EXERCISE DETAILS
Exact repetition of a range: find the line containing "Så fin stickad" and the line containing "Super Atom looks" in the material below, then repeat both and all lines between them, leaving pictures out.

DATA LISTING
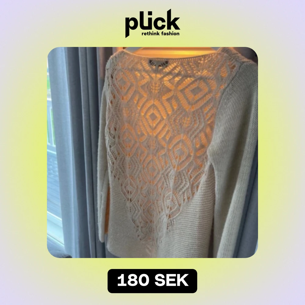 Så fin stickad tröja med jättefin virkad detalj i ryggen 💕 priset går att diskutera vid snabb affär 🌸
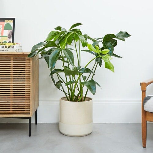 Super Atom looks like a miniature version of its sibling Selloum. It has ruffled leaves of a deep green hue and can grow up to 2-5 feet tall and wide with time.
--
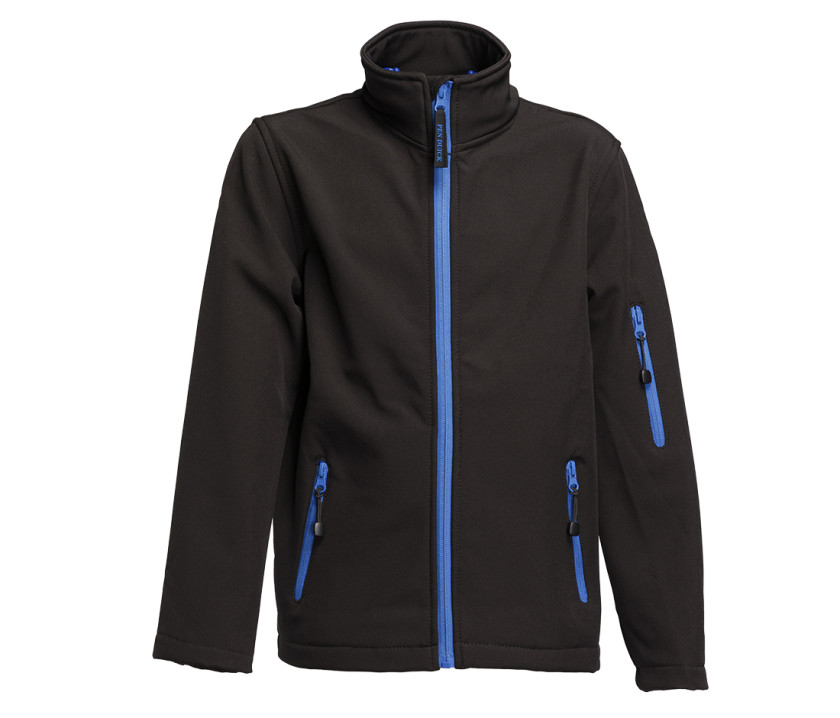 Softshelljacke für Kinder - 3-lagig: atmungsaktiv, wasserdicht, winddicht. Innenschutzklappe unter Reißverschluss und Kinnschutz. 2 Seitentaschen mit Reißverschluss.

WRITTEN ANSWER
 Så fin stickad tröja med jättefin virkad detalj i ryggen 💕 priset går att diskutera vid snabb affär 🌸
 Super Atom looks like a miniature version of its sibling Selloum. It has ruffled leaves of a deep green hue and can grow up to 2-5 feet tall and wide with time.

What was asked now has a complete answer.